# Course:CPSC522/Markov Chains

## Title

This is a writeup of Discrete Markov chains, its classification and the limiting and stationary distribution

Principal Author: Surbhi Palande

Collaborators: Kevin Dsouza

## Abstract

Stochastic processes basically just means random variables evolving over time. This is an observation of dependent random variables. Stochastic processes can be classified in two main families:

1. Markov Processes where roughly speaking the probability of being in a state X at time t+1 is only dependent on the state the system is in at time ${\displaystyle X_{t}}$
2. Martingaleswhere roughly speaking you make a best estimate at time instance “s” of the probability of the system being in state X at a future time instance “t”. This estimate is refered to as ${\displaystyle X_{s}}$ (t > s)

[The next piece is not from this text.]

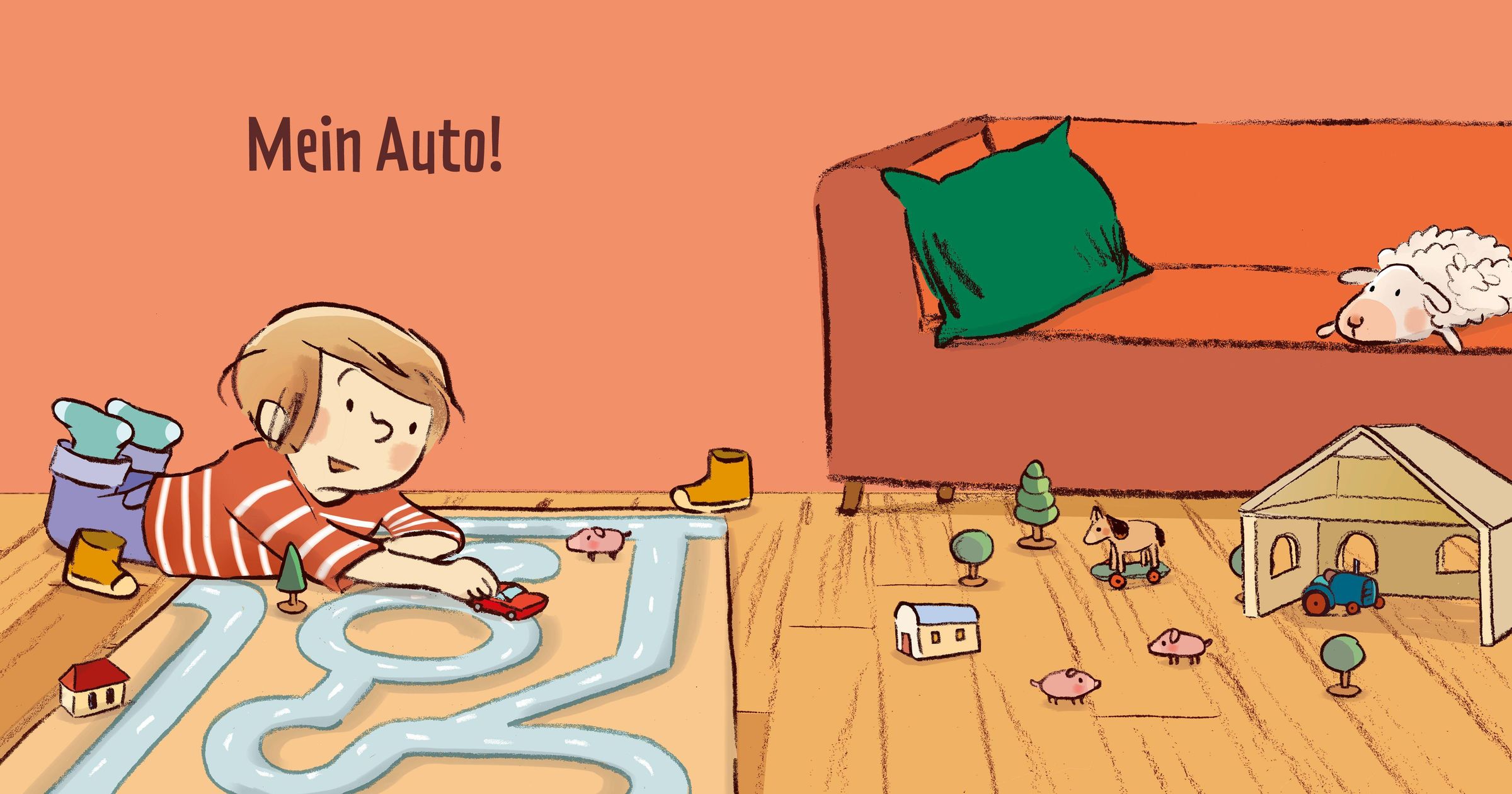 Das Kind in diesem Pappbilderbuch hat viele Dinge - und am liebsten hätte es alles ganz für sich allein.

In this writeup, we study Markov Chains that abide to the Markov property. Markov property is a certain conditional probability statement. The past and the future are conditionally independent given the present.

### Builds on

Knowledge of probability distributions is assumed

## Content

Markov chains named after the Russian mathematician Andrey Markov are "a stochastic model. They describe a sequence of possible events in which, the probability of each event depends only on the state attained in the previous event. The future depends only on the present and not on the past! It is a mathematical system that experiences transitions from one state to another according to certain probabilistic rules. The defining characteristic of a Markov chain is that no matter how the process arrived at its present state, the possible future states are fixed. In other words, the probability of transitioning to any particular state is dependent solely on the current state and hence they are referred to a "Memoryless". Markov Chains can be modeled as a finite state machine that shows how a system transitions from one state to another and with what probability. In the language of conditional probability and random variables, a Markov chain is a sequence of random variables satisfying the rule of conditional independence:
For any positive integer n and possible states ${\displaystyle i_{0},i_{1},i_{2},i_{n-1},i_{n}}$ of the random variables,
${\displaystyle P(X_{n}=i_{n}|X_{n-1}=i_{n-1})=P(X_{n}=i_{n}|X_{n-1}=i_{n-1}|X_{n-2}=i_{n-2}|....X_{2}=i_{2}|X_{1}=i_{1}|X_{0}=i_{0})}$

Time Homogenous Markov Chains are time independent. The value of the transition probability is time independent. As against this the transitional probabilities in Time inhomogeneous Markov Chains changes with time and is thus not fixed. The transitional probabilities of a time-homogeneous Markov Chains can be expressed in a transition matrix Q. This matrix thus describes the probability of transitioning from ${\displaystyle state_{i}}$ to ${\displaystyle state_{j}}$ and fills up the matrix of the size m * m where m is the total number of nodes in the matrix. Each column in this matrix Q describes the probabilities of being in that state from some other state. Similarly, each row in this matrix states the probability to move from a particular state to all the other states. Since the probability that you move out from one state to another is 1 at any given instance, the row of this transition matrix adds to 1. ${\displaystyle \sum _{j}P(Z_{i,j})=1}$
Each row is the Probability Mass Function (PMF) ${\displaystyle s_{j}}$ at time n given an initial state j. As described above the transition matrix is a convenient way to record the transition probabilities of a time-homogeneous Markov chain. However, it is much more than that. It can be used to find the transitional probability after “n” time units using the power transitional matrix.
For example:
${\displaystyle Q^{1}}$: describes the probability of going from any ${\displaystyle state_{i}}$ to any ${\displaystyle state_{j}}$ in 1 step.
${\displaystyle Q^{2}}$: describes the probability of going from any ${\displaystyle state_{i}}$ to any ${\displaystyle state_{j}}$ in 2 steps.
${\displaystyle Q^{3}}$: describes the probability of going from any ${\displaystyle state_{i}}$ to any ${\displaystyle state_{j}}$ in 3 steps.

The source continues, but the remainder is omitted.